Mountain lions in California

Hunting ban and other key facts

Public hunting of mountain lions has been outlawed in California since a voter-approved ban in 1990, but each year the state issues scores depredation permits allowing the legal killing of lions that have threatened or harmed people or domestic animals. On average, about 100 mountain lions annually are killed under the permits, according to a 2017 report by the Sacramento Bee, which said 4,000 to 6,000 roam the state.

But no official figure exists on the number of mountain lions in California. An ambitious state effort is underway to come up with an estimated population count, the first in decades.

Audubon Canyon Ranch program Living With Lions, by the numbers since 2016

Number of lions captured or collared in the Sonoma-Napa region: 15

Oldest: 10 years

Youngest: 10 months

Number of those still alive: 9

Number killed by landowners after attacks on livestock: 3

For more on the Living With Lions project, visit www.egret.org/living-with-lions

To report a fresh lion kill to Quinton Martins, call 707-721-6560.

Source: Audubon Canyon Ranch website

What to do if you encounter a mountain lion

-Stay calm. Hold your ground or back away slowly. Face the lion and stand upright.
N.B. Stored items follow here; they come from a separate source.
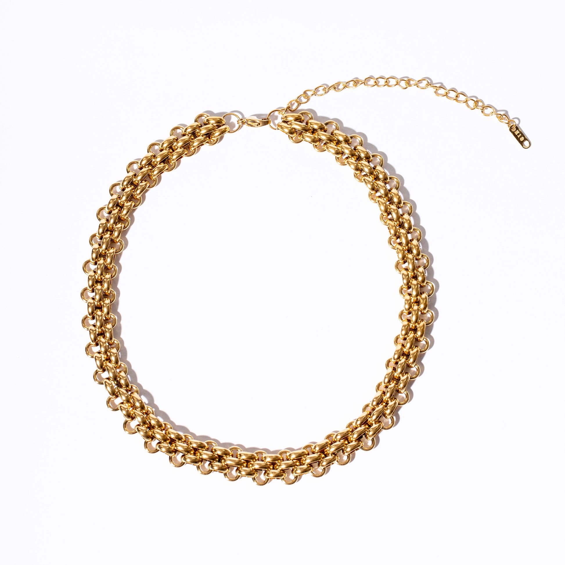 This piece sits beautifully high around the neck. It has a weight to it just as solid gold does, but it is pure comfort to wear via the clever craftsmanship. Over a jumper or straight on the skin with a bikini or dress. It is not brassy. It is pure class and you will feel a million dollars. For a truly European finish, add our Vintage Panther Bracelet.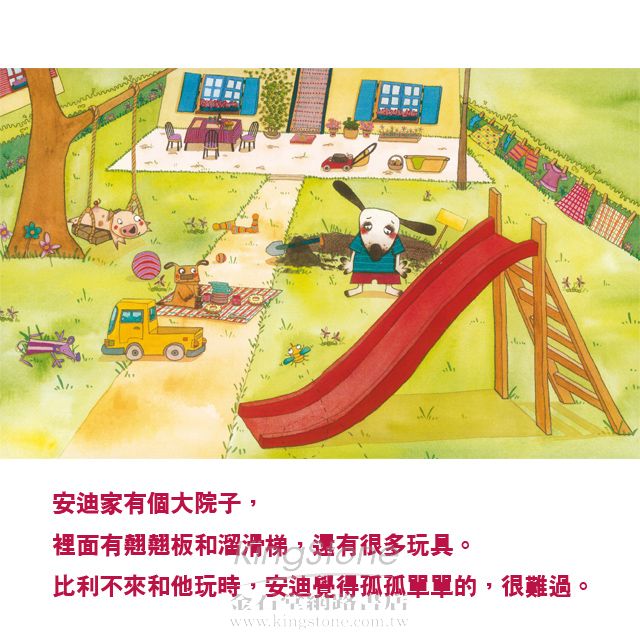 安迪個性溫和,家裡只有他一個小孩,雖然他有很多玩具,卻沒有玩伴。因為擔心失去朋友,即使隔壁鄰居比利總是指使他,甚至把他的東西占為己有,他就是無法拒絕比利的不當要求。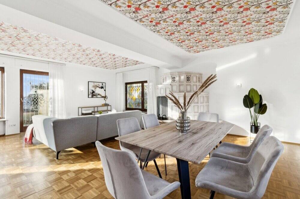 Im Erdgeschoss erwartet Sie Ihre künftige Familienwohnung mit ca. 170 m² Wohnfläche, verteilt auf derzeit 3 sehr große Zimmer ( 4-5 wären möglich). Hochwertige Böden aus Parkett, Marmor und Feinstein sowie ein herrlicher Kachelofen, der dem Wohnbereich besonderen Charme verleiht, große Fenster, Tageslicht in allen Bädern und eine angenehme Deckenhöhe von 2,50 m sorgen für ein lichtes, freundliches Wohngefühl...

-Do not approach a lion. Never approach a mountain lion especially one that is feeding or with kittens. Most mountain lions will try to avoid a confrontation. Give them a way to escape.
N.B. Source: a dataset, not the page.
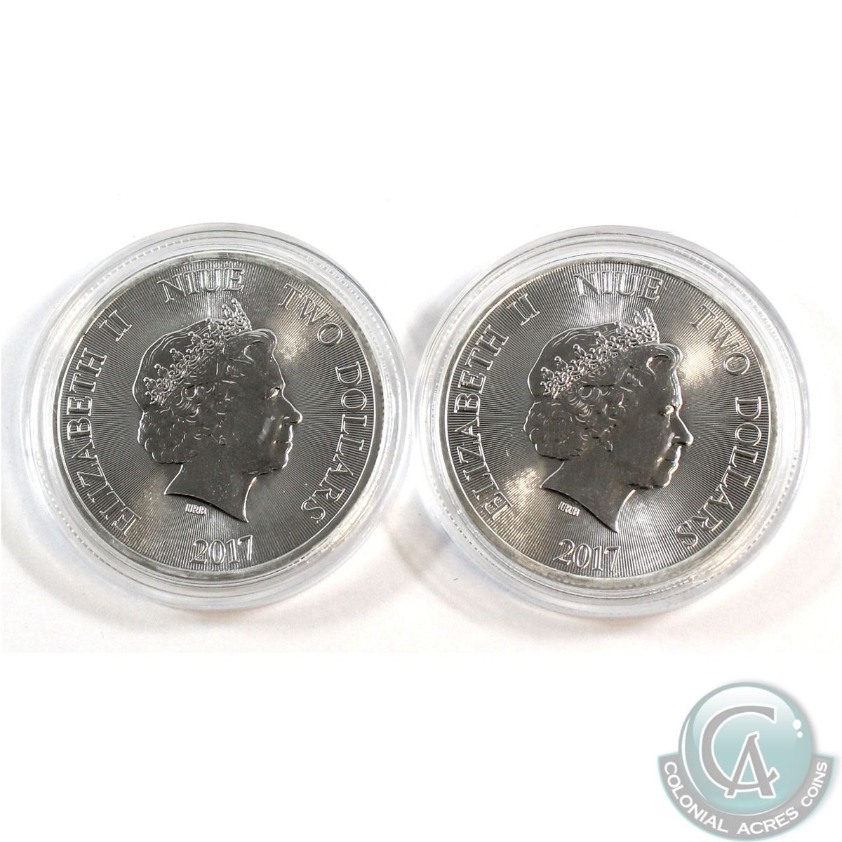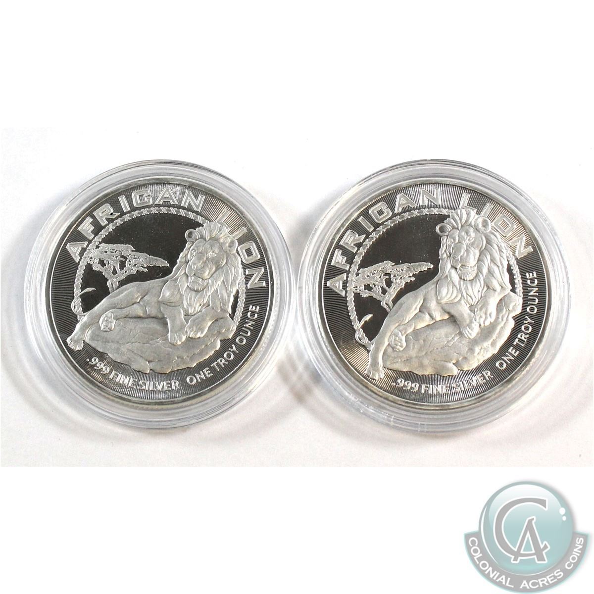 2017 African Lion Niue $2 .999 Fine Silver Coins encapsulated (Tax Exempt). 2pcs.

-Do not run from a lion. Running may stimulate a mountain lion's instinct to chase. Instead, stand and face the animal. Make eye contact. If you have small children with you, pick them up if possible so they don't panic and run. Try to do so without bending over or turning away from the mountain lion.

-Do not crouch down or bend over. Biologists surmise mountain lions don't recognize standing humans as prey. On the other hand, a person squatting or bending over looks a lot like a four-legged prey animal.

-If a lion continues approaching, yell and throw things at it.

-If a lion attacks, fight back. Do so while protecting your head and neck, and try to remain standing.

-Report sightings of mountain lions to your local Fish and Wildlife office (707-944-5500), local law enforcement or affiliated public land agencies.